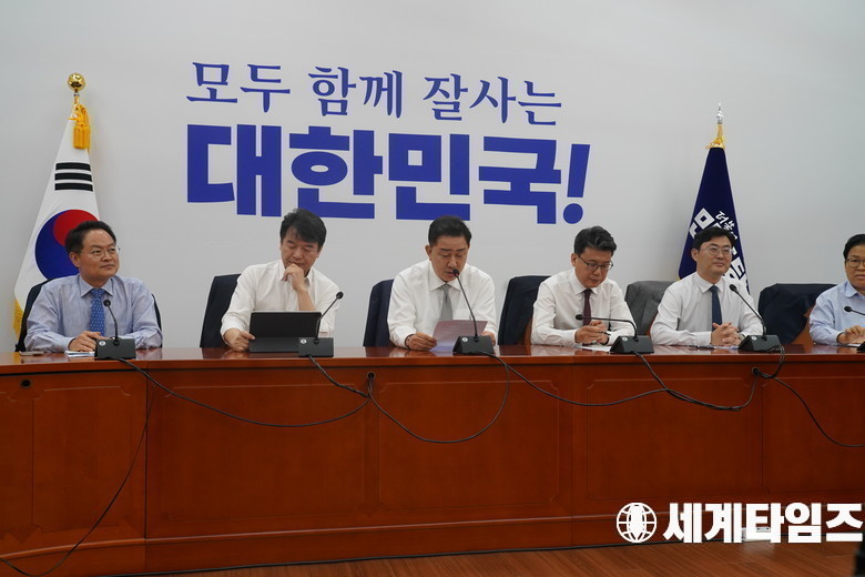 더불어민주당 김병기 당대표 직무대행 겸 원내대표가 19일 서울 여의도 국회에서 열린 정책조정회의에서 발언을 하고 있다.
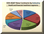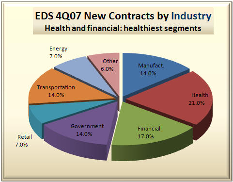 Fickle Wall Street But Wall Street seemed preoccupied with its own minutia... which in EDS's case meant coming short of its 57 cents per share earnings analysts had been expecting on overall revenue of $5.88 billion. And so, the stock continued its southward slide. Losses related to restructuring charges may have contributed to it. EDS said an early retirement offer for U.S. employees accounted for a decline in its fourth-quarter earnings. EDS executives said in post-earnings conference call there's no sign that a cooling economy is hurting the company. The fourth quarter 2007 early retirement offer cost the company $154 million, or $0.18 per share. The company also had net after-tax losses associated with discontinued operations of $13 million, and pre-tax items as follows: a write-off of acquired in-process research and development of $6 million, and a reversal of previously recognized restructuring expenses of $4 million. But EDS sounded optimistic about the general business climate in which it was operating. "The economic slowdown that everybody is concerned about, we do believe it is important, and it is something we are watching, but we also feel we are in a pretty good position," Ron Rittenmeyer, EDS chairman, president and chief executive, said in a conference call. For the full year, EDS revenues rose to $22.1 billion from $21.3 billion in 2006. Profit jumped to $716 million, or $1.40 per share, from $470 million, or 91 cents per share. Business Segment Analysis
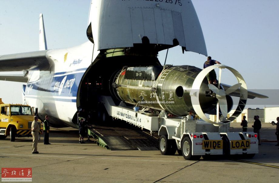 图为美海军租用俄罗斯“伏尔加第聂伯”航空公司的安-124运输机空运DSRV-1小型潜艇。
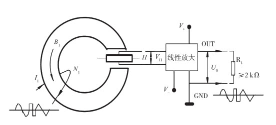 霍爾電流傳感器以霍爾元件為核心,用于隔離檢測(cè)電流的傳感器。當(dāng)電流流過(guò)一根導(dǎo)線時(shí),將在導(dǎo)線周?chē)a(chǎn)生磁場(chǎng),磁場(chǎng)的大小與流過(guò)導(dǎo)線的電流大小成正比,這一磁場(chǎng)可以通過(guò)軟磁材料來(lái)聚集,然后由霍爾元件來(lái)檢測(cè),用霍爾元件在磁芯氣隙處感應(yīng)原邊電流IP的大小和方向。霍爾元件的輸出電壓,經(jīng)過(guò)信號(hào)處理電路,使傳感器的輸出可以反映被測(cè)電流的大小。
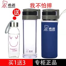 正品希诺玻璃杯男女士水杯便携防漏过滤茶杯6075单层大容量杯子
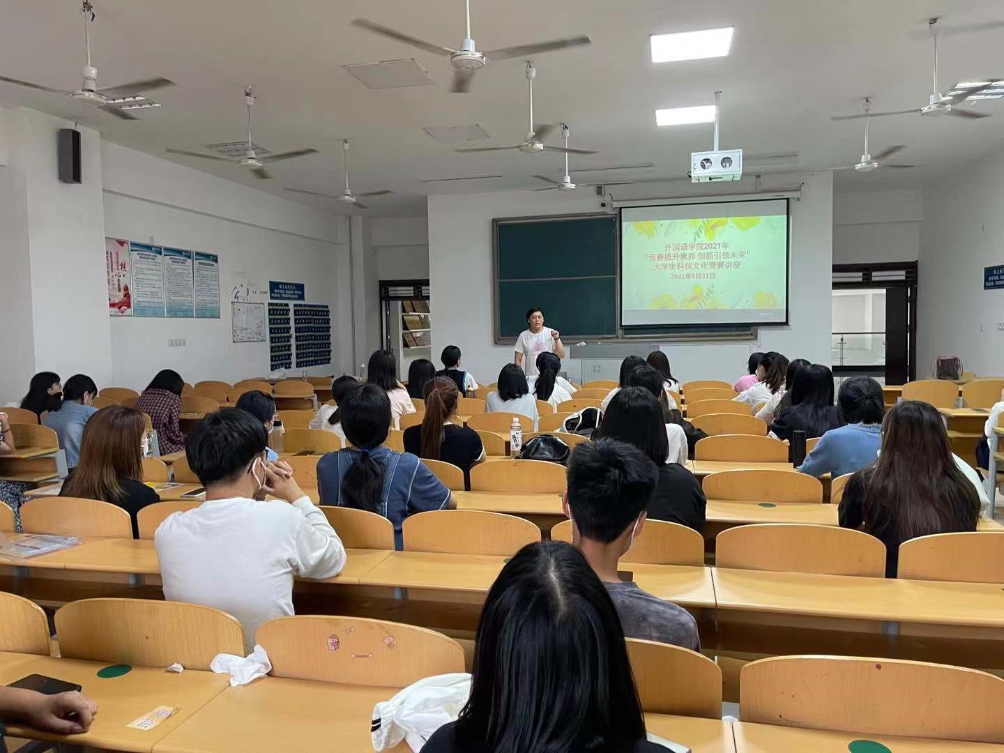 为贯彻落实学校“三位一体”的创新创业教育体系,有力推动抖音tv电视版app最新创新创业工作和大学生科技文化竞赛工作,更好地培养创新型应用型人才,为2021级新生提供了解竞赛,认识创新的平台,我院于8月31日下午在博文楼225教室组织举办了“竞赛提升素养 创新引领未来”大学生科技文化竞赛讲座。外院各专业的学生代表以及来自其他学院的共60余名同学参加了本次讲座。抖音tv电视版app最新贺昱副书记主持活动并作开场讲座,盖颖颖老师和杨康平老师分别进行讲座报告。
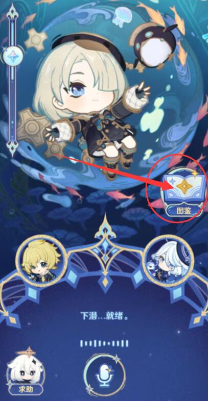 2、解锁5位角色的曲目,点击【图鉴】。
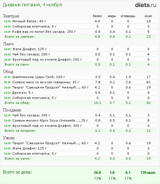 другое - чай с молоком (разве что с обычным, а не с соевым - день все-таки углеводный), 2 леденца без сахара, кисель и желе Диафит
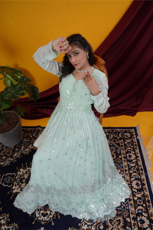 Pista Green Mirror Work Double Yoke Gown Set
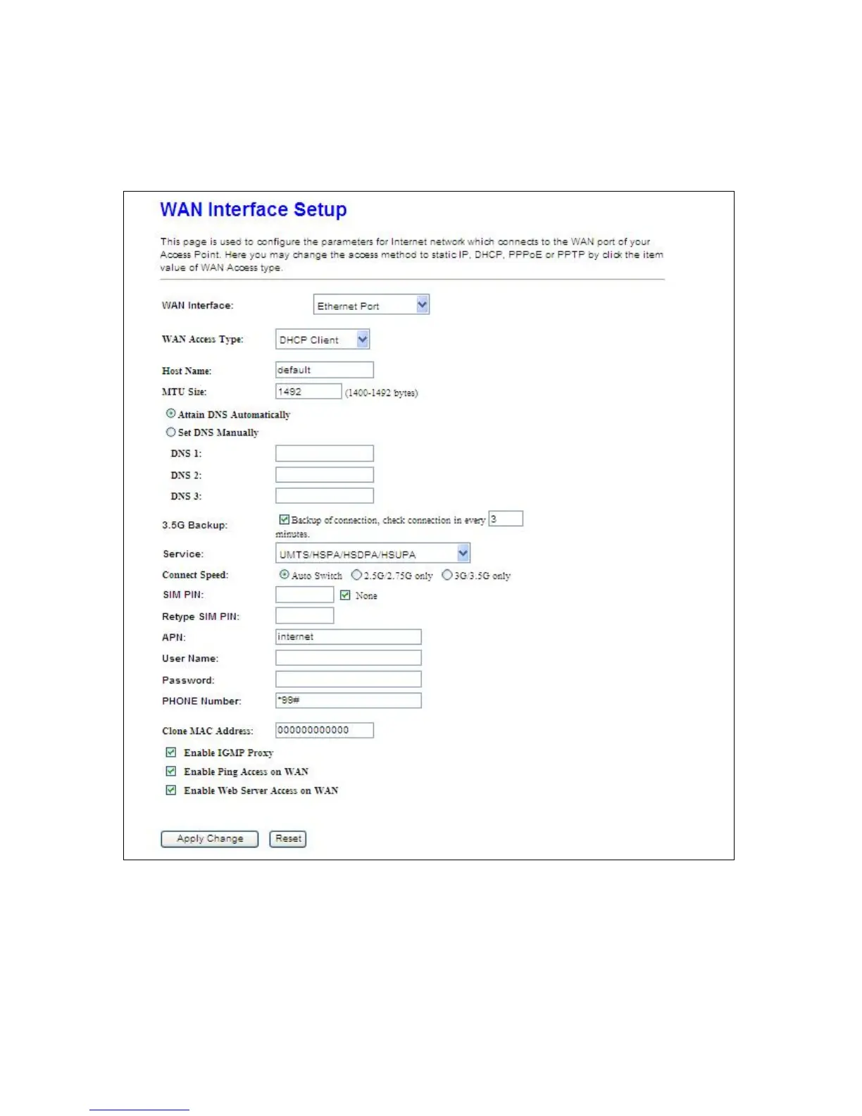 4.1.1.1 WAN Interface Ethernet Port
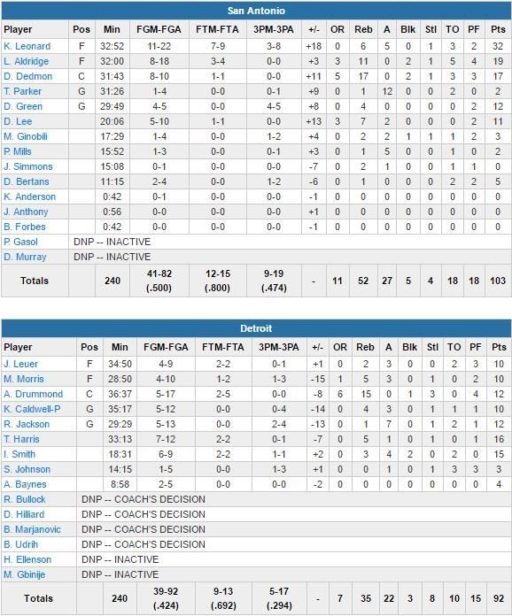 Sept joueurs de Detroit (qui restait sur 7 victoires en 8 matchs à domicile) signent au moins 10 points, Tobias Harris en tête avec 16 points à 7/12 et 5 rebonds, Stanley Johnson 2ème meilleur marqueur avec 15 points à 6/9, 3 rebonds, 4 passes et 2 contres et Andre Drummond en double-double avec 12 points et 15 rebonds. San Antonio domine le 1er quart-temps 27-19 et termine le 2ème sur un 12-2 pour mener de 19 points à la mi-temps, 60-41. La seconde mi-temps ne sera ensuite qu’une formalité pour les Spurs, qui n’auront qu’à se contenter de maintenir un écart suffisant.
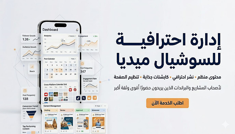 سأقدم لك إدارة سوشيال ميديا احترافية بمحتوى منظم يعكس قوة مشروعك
= = = =
Work required
Restate the data word for word without pictures.

Completed task
 더불어민주당 김병기 당대표 직무대행 겸 원내대표가 19일 서울 여의도 국회에서 열린 정책조정회의에서 발언을 하고 있다.
 Fickle Wall Street But Wall Street seemed preoccupied with its own minutia... which in EDS's case meant coming short of its 57 cents per share earnings analysts had been expecting on overall revenue of $5.88 billion. And so, the stock continued its southward slide. Losses related to restructuring charges may have contributed to it. EDS said an early retirement offer for U.S. employees accounted for a decline in its fourth-quarter earnings. EDS executives said in post-earnings conference call there's no sign that a cooling economy is hurting the company. The fourth quarter 2007 early retirement offer cost the company $154 million, or $0.18 per share. The company also had net after-tax losses associated with discontinued operations of $13 million, and pre-tax items as follows: a write-off of acquired in-process research and development of $6 million, and a reversal of previously recognized restructuring expenses of $4 million. But EDS sounded optimistic about the general business climate in which it was operating. "The economic slowdown that everybody is concerned about, we do believe it is important, and it is something we are watching, but we also feel we are in a pretty good position," Ron Rittenmeyer, EDS chairman, president and chief executive, said in a conference call. For the full year, EDS revenues rose to $22.1 billion from $21.3 billion in 2006. Profit jumped to $716 million, or $1.40 per share, from $470 million, or 91 cents per share. Business Segment Analysis
 图为美海军租用俄罗斯“伏尔加第聂伯”航空公司的安-124运输机空运DSRV-1小型潜艇。
 霍爾電流傳感器以霍爾元件為核心,用于隔離檢測(cè)電流的傳感器。當(dāng)電流流過(guò)一根導(dǎo)線時(shí),將在導(dǎo)線周?chē)a(chǎn)生磁場(chǎng),磁場(chǎng)的大小與流過(guò)導(dǎo)線的電流大小成正比,這一磁場(chǎng)可以通過(guò)軟磁材料來(lái)聚集,然后由霍爾元件來(lái)檢測(cè),用霍爾元件在磁芯氣隙處感應(yīng)原邊電流IP的大小和方向。霍爾元件的輸出電壓,經(jīng)過(guò)信號(hào)處理電路,使傳感器的輸出可以反映被測(cè)電流的大小。
 正品希诺玻璃杯男女士水杯便携防漏过滤茶杯6075单层大容量杯子
 为贯彻落实学校“三位一体”的创新创业教育体系,有力推动抖音tv电视版app最新创新创业工作和大学生科技文化竞赛工作,更好地培养创新型应用型人才,为2021级新生提供了解竞赛,认识创新的平台,我院于8月31日下午在博文楼225教室组织举办了“竞赛提升素养 创新引领未来”大学生科技文化竞赛讲座。外院各专业的学生代表以及来自其他学院的共60余名同学参加了本次讲座。抖音tv电视版app最新贺昱副书记主持活动并作开场讲座,盖颖颖老师和杨康平老师分别进行讲座报告。
 2、解锁5位角色的曲目,点击【图鉴】。
 другое - чай с молоком (разве что с обычным, а не с соевым - день все-таки углеводный), 2 леденца без сахара, кисель и желе Диафит
 Pista Green Mirror Work Double Yoke Gown Set
 4.1.1.1 WAN Interface Ethernet Port
 Sept joueurs de Detroit (qui restait sur 7 victoires en 8 matchs à domicile) signent au moins 10 points, Tobias Harris en tête avec 16 points à 7/12 et 5 rebonds, Stanley Johnson 2ème meilleur marqueur avec 15 points à 6/9, 3 rebonds, 4 passes et 2 contres et Andre Drummond en double-double avec 12 points et 15 rebonds. San Antonio domine le 1er quart-temps 27-19 et termine le 2ème sur un 12-2 pour mener de 19 points à la mi-temps, 60-41. La seconde mi-temps ne sera ensuite qu’une formalité pour les Spurs, qui n’auront qu’à se contenter de maintenir un écart suffisant.
 سأقدم لك إدارة سوشيال ميديا احترافية بمحتوى منظم يعكس قوة مشروعك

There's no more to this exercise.